Reproduce, word for word, the lines in the material below starting with the one that has "Меню на 20.03.2026" and going on through the one that has "- 최종적으로 재판부는". Leave out all pictures.
=== Extracted entries ===
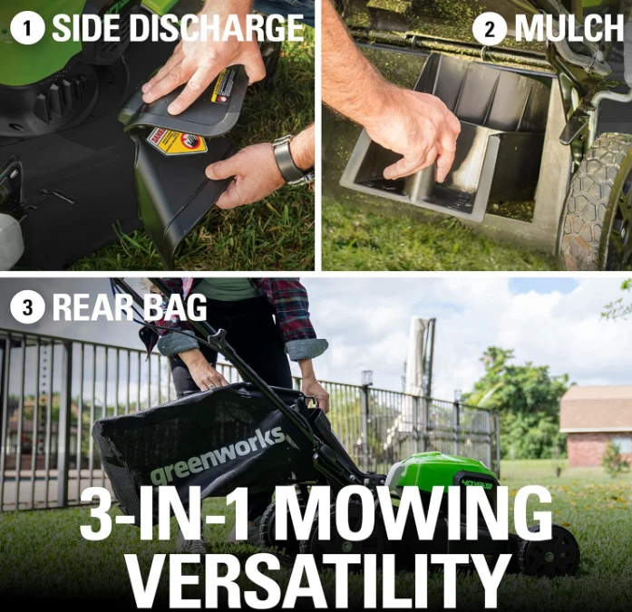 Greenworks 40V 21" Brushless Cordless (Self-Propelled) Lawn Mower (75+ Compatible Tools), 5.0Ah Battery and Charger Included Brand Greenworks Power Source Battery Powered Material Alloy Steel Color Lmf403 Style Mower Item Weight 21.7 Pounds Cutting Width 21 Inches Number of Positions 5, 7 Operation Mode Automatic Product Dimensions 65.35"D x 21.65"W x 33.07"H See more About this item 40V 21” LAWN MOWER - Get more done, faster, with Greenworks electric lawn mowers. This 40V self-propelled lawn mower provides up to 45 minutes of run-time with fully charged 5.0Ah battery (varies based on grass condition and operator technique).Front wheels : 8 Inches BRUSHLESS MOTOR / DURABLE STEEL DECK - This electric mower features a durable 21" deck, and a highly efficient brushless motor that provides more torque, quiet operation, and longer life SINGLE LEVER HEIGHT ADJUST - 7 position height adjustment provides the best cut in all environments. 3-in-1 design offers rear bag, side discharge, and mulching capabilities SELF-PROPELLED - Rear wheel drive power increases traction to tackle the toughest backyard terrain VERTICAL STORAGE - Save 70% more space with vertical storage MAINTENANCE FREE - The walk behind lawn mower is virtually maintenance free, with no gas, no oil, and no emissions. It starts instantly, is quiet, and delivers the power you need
===
=== Extracted entries ===
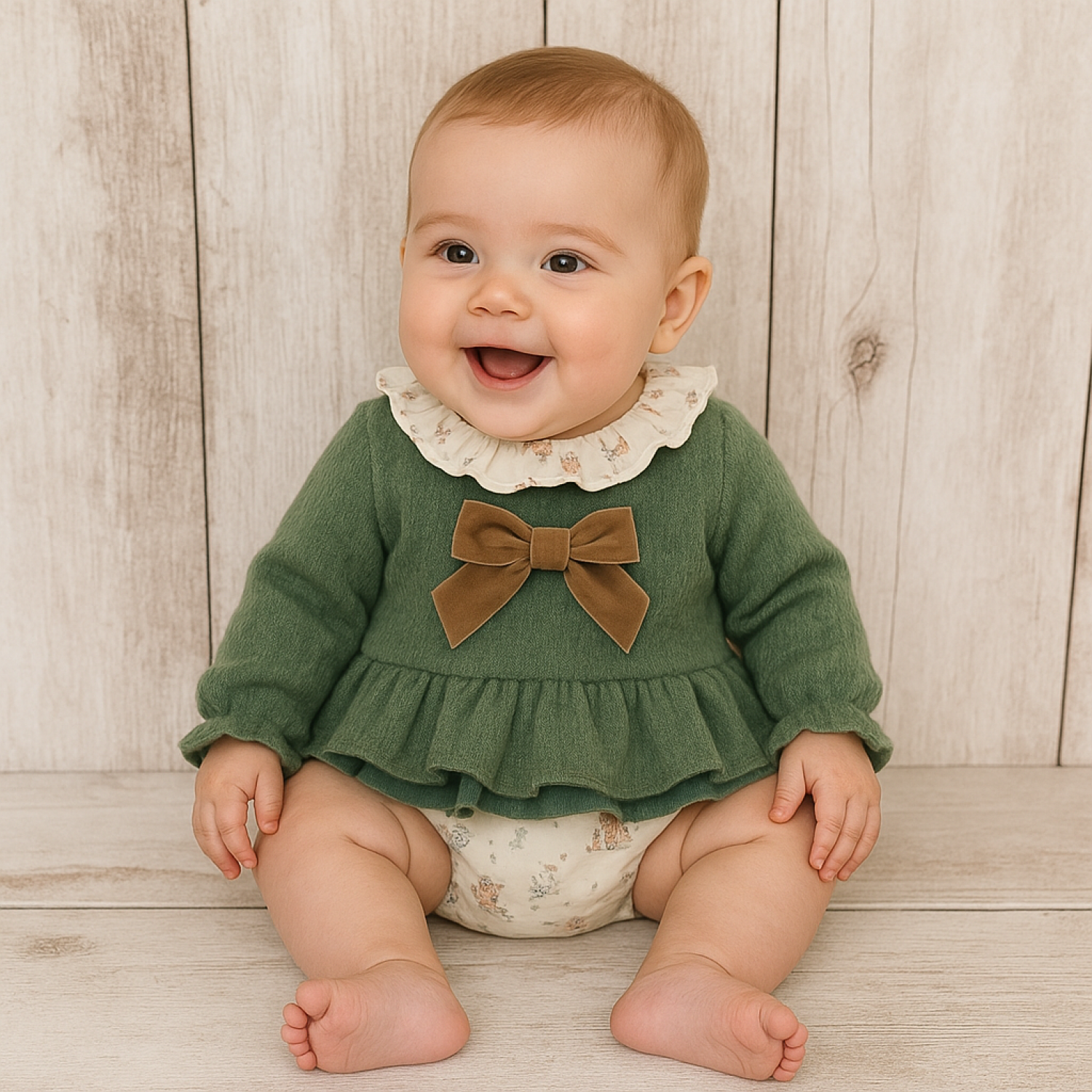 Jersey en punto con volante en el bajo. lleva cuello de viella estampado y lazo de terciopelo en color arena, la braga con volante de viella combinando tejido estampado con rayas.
===
=== Extracted entries ===
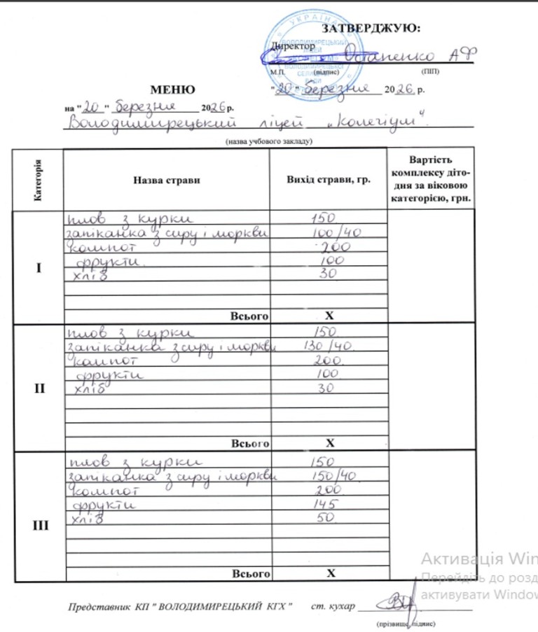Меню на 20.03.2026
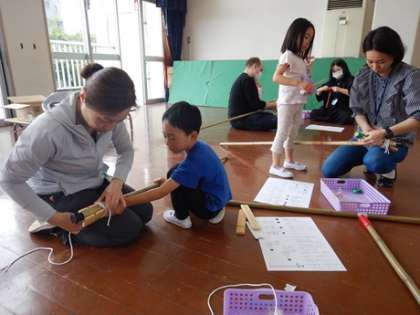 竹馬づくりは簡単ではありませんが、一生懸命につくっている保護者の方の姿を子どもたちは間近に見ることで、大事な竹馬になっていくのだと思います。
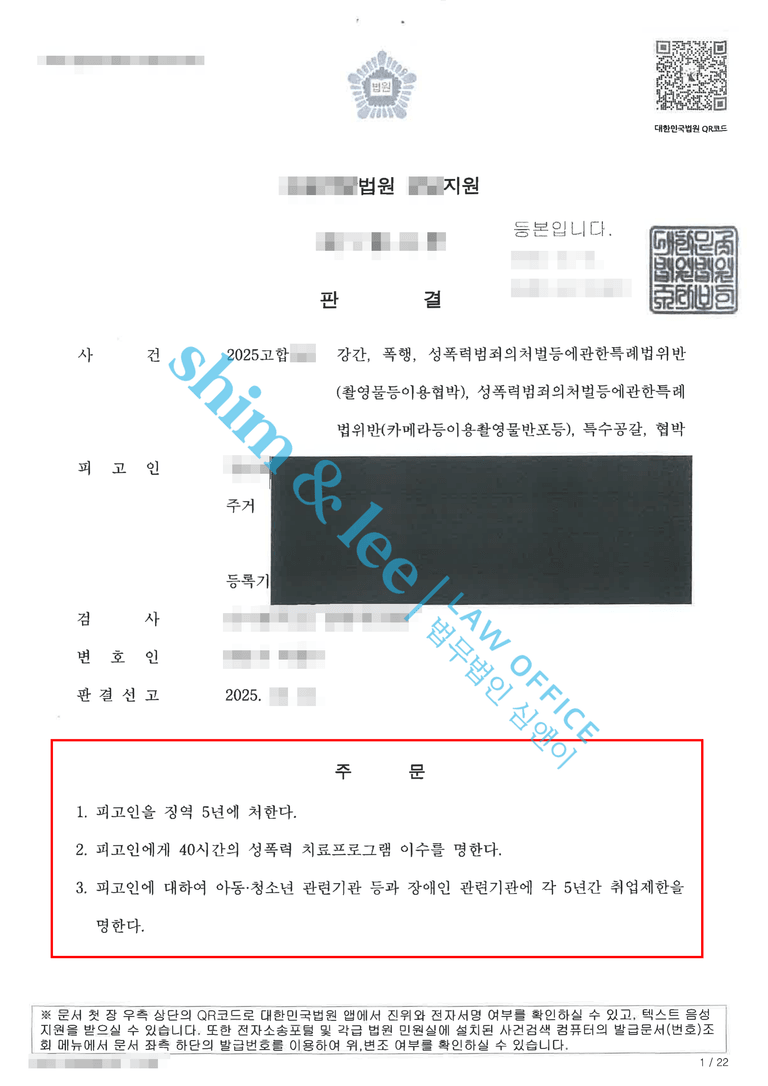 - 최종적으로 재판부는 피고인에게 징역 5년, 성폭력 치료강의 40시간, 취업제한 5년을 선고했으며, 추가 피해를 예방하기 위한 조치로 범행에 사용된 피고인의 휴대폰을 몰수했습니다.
===
Finished task |
Меню на 20.03.2026
 竹馬づくりは簡単ではありませんが、一生懸命につくっている保護者の方の姿を子どもたちは間近に見ることで、大事な竹馬になっていくのだと思います。
 - 최종적으로 재판부는 피고인에게 징역 5년, 성폭력 치료강의 40시간, 취업제한 5년을 선고했으며, 추가 피해를 예방하기 위한 조치로 범행에 사용된 피고인의 휴대폰을 몰수했습니다.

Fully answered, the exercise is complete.